Foi operado no privado. Correu mal. Foi transferido para o público. Um belo resumo do negócio da saúde também conhecido por excelência dos hospitais privados. Também pode correr mal no público, mas fica no público. E soube-se porque era uma figura pública. Tivesse corrido mal no público e tínhamos as televisões todas na porta do hospital e as análises dos especialistas sobre a degradação do Serviço Nacional de Saúde e a urgência de transferir competências para o privado e as amarras ideológicas que o impedem.
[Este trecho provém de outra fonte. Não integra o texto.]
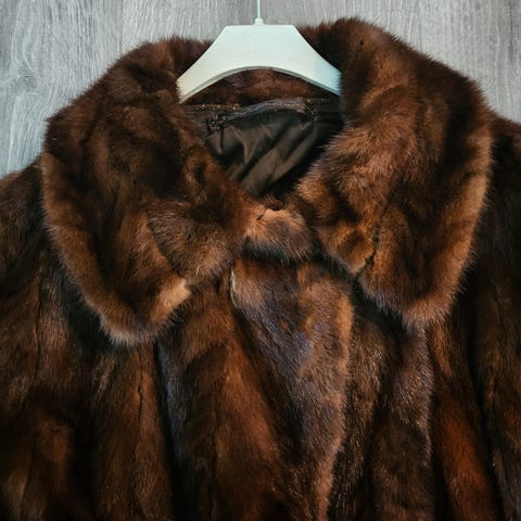 Minkjakke uten slitasje selges på vegne av min bestemor.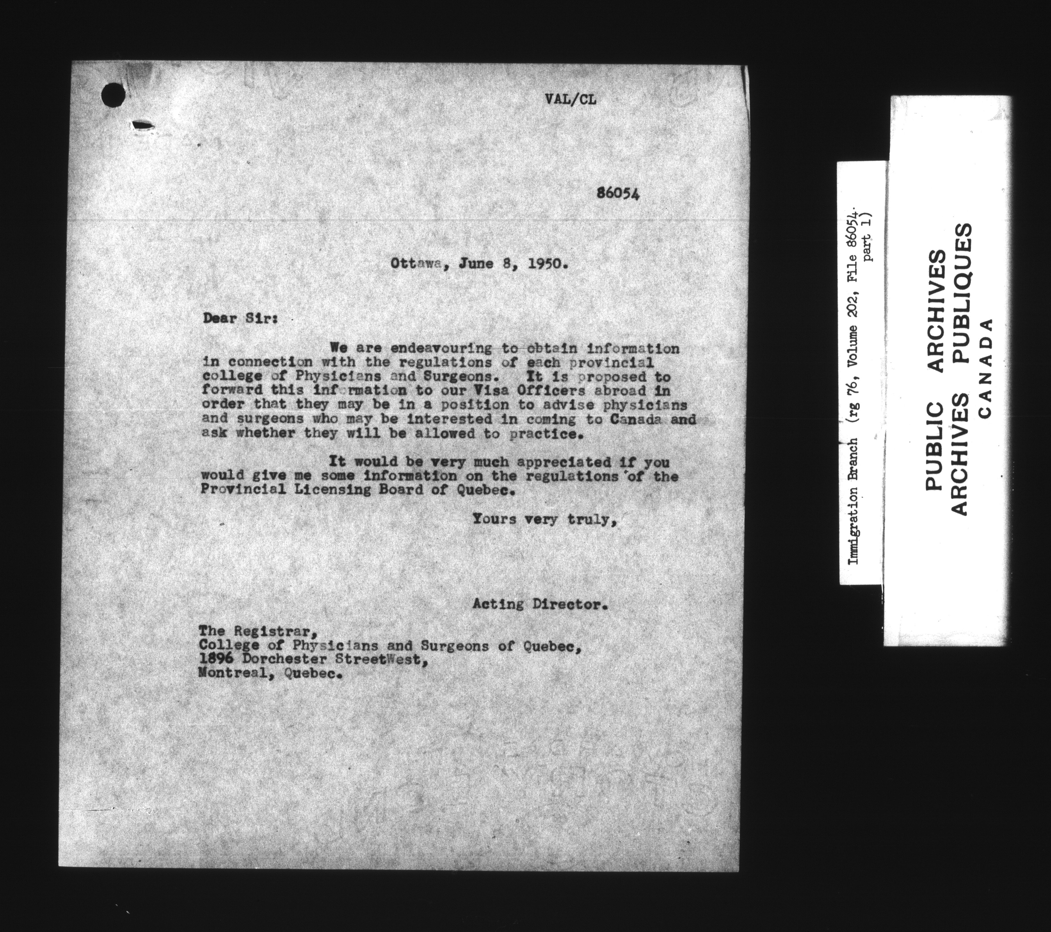 Subject, policy and case files in the First Central Registry series of the Immigration Program, 1892-1950 - 7356

No tempo do PS, e não foi há tanto tempo quanto isso, era "o caos nos hospitais", "a destruição do Serviço Nacional de Saúde", pior que o Deus me livre, agora, na normalidade adquirida e na tranquilidade nas televisões, a responsabilidade de tudo o que era pelouro do Governo passou a ser responsabilidade dos administradores hospitalares. Os agora "inimigos do povo" continuam a representar o papel de idiotas úteis que lhes foi atribuído. Pobres criaturas.